Brendan Fraser, Alicia Silverstone, ...

What’s good in ”Blast From the Past” is so inventive and what’s bad is so blinkered that the best way to describe this fascinating, failed romantic comedy may be as a movie blown to hell. Which, in its own twisted way, is apt: Brendan Fraser stars as Adam Webber, a pleasant, jugheaded naïf born in 1962 in the bomb shelter of his parents’ suburban Los Angeles home — his brilliant but paranoid scientist father (Christopher Walken) and timorous mother (Sissy Spacek) mistook a blast heard during the Cuban Missile Crisis for nuclear catastrophe when, in truth, an airplane had crashed into their backyard. Raised underground for 35 years, Adam is taught Eisenhower-era decency, manners, self-reliance, and an appreciation for Perry Como. And one auspicious day he emerges into the blinding ’90s L.A. light.

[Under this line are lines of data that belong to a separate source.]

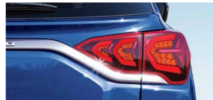
LED 리어 콤비램프(LED 제동등, LED 미등)
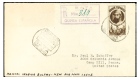
2052 20 €
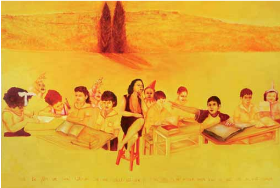
סעודה אחרונה 1, 2005, שמן על בד, 155x240 Last Supper 1, 2005, oil on canvas, 155x240
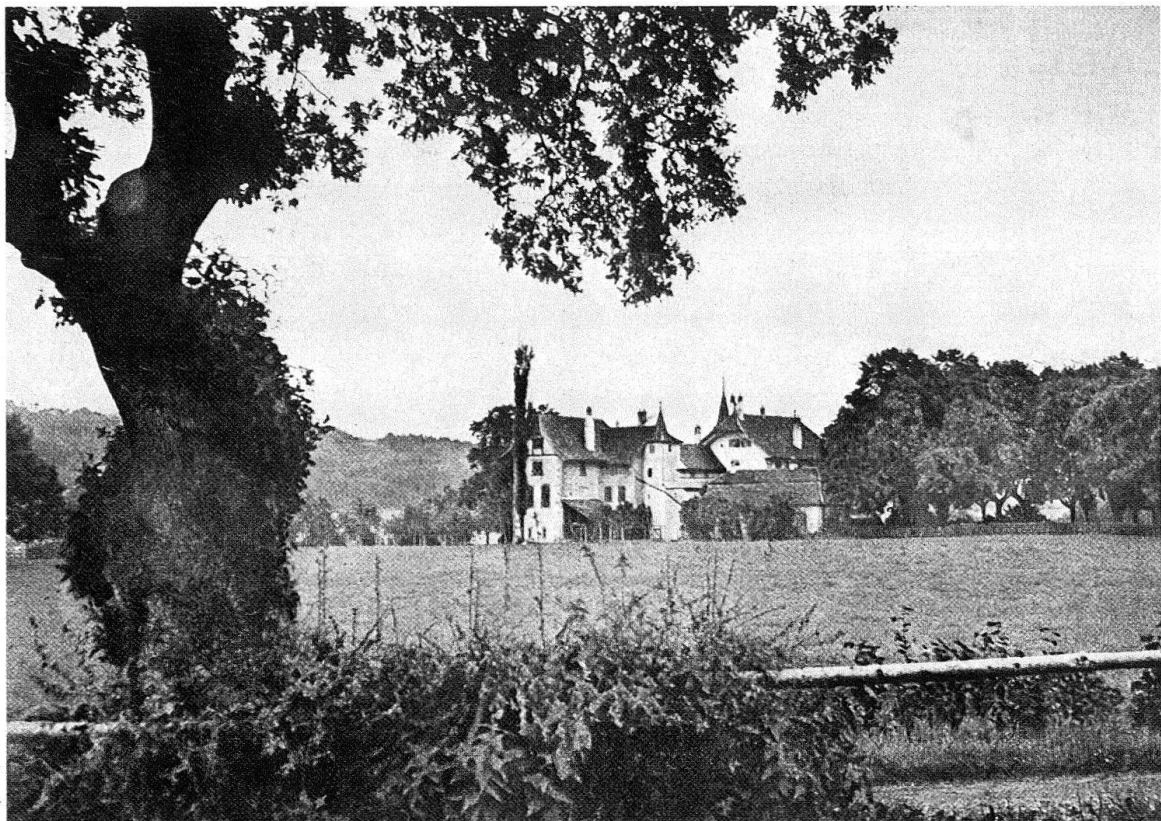
Bern. «Murifeld». Freihaltezone am Puffertgässchen mit Blick auf das Schloss Wittigkofen. – Gemäss Bauordnung galt das gesamte Gebiet als potentielles Bauland. Auf Grund der Planung ist der Landsitz nunmehr inmitten des ausgeschiedenen unüberbaubaren Landschaftsreservates gelegen. Der hier wiedergegebene Anblick von Schloss und Umgebung bleibt unberührt

Das Ziel war, die wirksame Lenkung der Verhältnisse im Verband eines Stadtteils in den Griff zu bekommen und derart den Ansatz einer städtebaulichen Integration zu bilden. Mit Bezugnahme auf die topographischen Gegebenheiten und die Lage der Landsitze, insbesondere auf das zentral gelegene Schloss Wittigkofen, sah nun die Planung vor, ein landschaftliches Reservat auszuscheiden und die verbleibende Fläche in
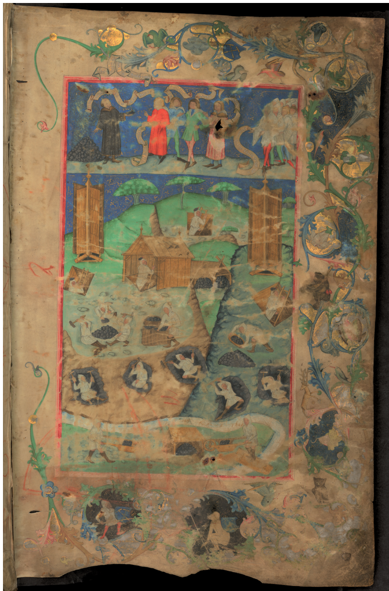
Obr. 7. Titulní list kancionálu z roku 1471. Dnes v NK, sign. XXIII A 2, fol. 1r.
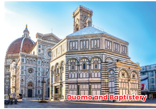
Duomo and Baptistery
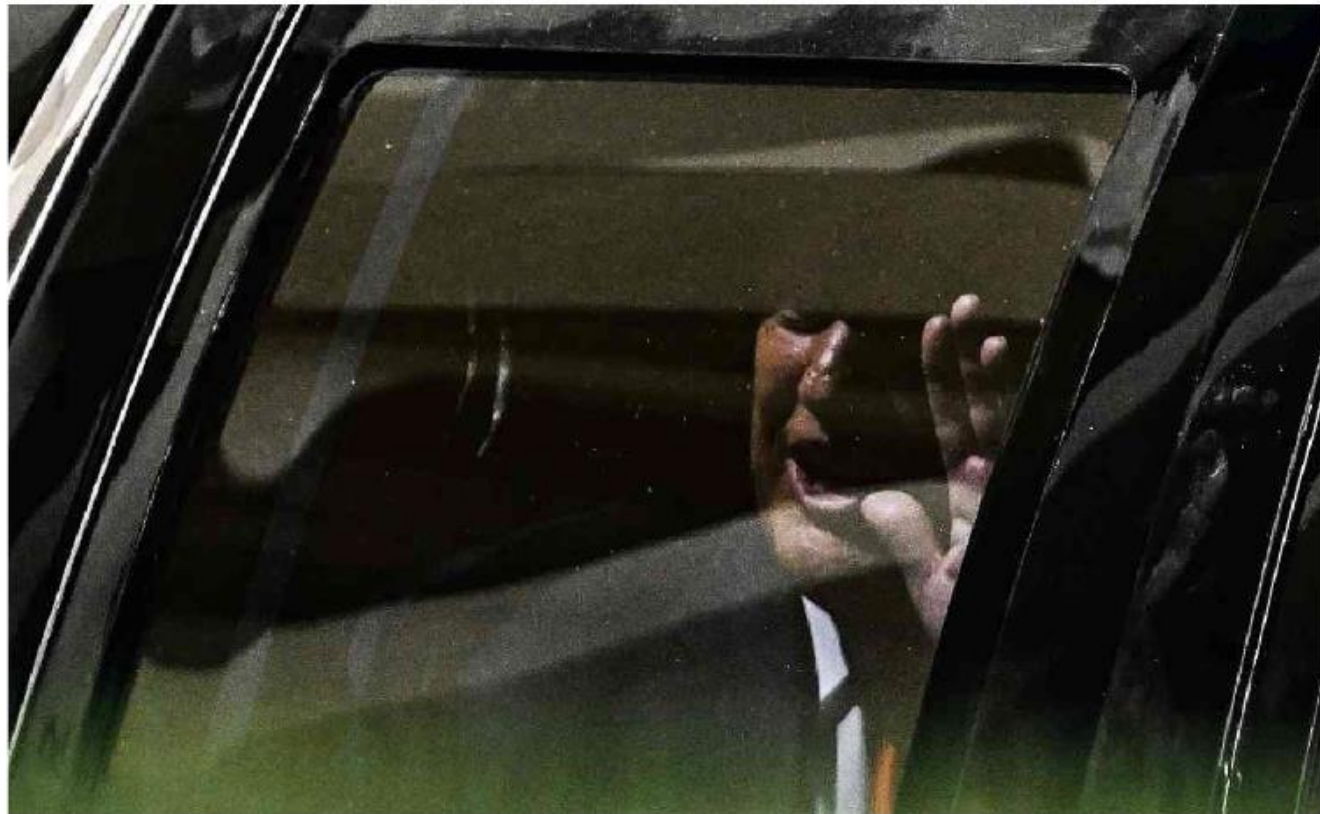
Donald Trump acena dentro de carro após comparecer a tribunal em Miami, onde ficou por cerca de duas horas para ouvir 37 acusações

Lula ao vivo Acerca de estratégia de comunicação do presidente.
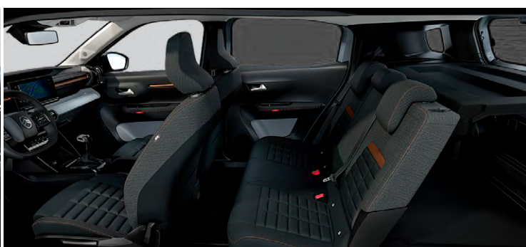
Palubná doska a panely dverí s bronzovým dekórom Sedadlá Advanced Comfort
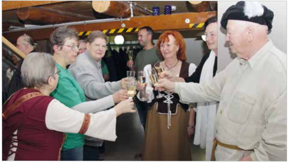
Gemeinsam wurde auf zehn Jahre Geschichtskreis Meitzendorf angestoßen.

2013 war ein Jahr voller Hoffnung: Die Umbauarbeiten des ehemaligen Stalls auf dem „Alten Schulhof“ standen kurz vor dem Abschluss, und der Heimatverein erhielt eigene Räumlichkeiten. Eine Heimatstube, eine Küche und Veranstaltungsräume wurden eingerichtet. Die Mitglieder sortierten und ordneten die Exponate: Im unteren Ausstellungsraum entstanden eine nachgestellte Küche, Wohnstube, Schlafstube, Kinderzimmer sowie eine Sammlung landwirtschaftlicher Geräte. Im Dachgeschoss wurden Ausstellungstafeln zum Leben in Meitzendorf aufgestellt. Besonders engagierten sich bei der Gestaltung der Ausstellungstafeln Margarete und Lothar Berner sowie Wolfgang Gaebel. Leider sind diese
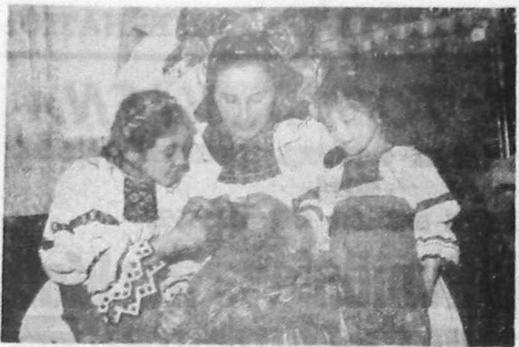
Hârnicia și tradiția se transmit de la mamă la fiică
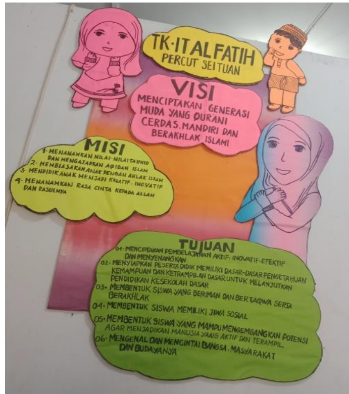
Visi dan Tujuan TK IT Al-Fatih
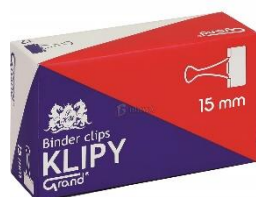
zdjęcie pogładowe
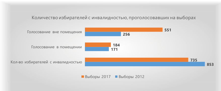
Рисунок 4. Количество избирателей с инвалидностью, проголосовавших на выборах депутатов Законодательного Собрания Краснодарского края 2012 и 2017 годов
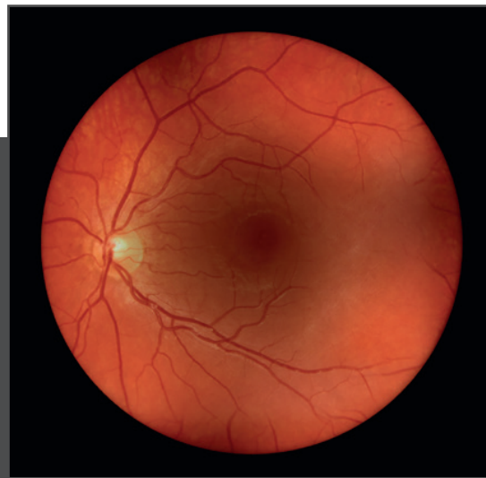
Вид сетчатки через катаракту с помощью системы visionBOOST*.
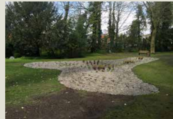
Vandhul i afd. BØ, Skovkirkegården, Assistens Kirkegård.

Afdelingen er desuden fornyet med 23 store, nye rhododendron (Ø 100 cm.), ligesom der er fældet enkelte træer, primært grundet stormskader.
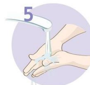
Roke temeljito sperite.
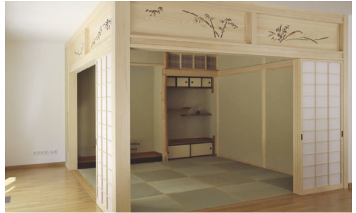
/ Shojis sind, sollte es mal nötig sein, große Verwandlungskünstler: Mit wenigen Handgriffen entsteht aus zwei kleinen Räumen ein großer.
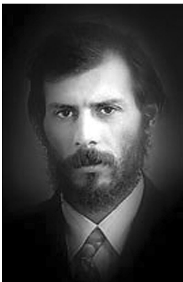
Заслуженный журналист Украины. Участник боевых действий в Афганистане

The promising high-concept kick is that Adam, sent out of his vacuum-sealed Garden of Eden to buy food, is the secure, self-confident child of an intact nuclear family, while Eve (Alicia Silverstone), the ringleted, worldly-wise chick he falls for, is the distrustful product of a stressed-out, unextinct contemporary society. But director and cowriter Hugh Wilson (”The First Wives Club”), collaborating with artful cinematographer Jose Luis Alcaine (seasoned by his work with Spanish auteur Pedro Almodóvar) and ”Boogie Nights” production designer Bob Ziembicki, never finds a satisfactory way to link underground and aboveground, nostalgia and contemporary longing, the performances of actors as salty as Walken and Spacek and those as sweet as Fraser and Silverstone. (To jostle the elements further, ”NewsRadio”’s Dave Foley plays Eve’s gay roommate.)

In their shelter — with interior decoration Almodóvar would adore — the Webber family blooms. But on the streets, Adam and Eve fumble, cluelessly, as ”Blast From the Past” teeters precariously on the brink of meltdown.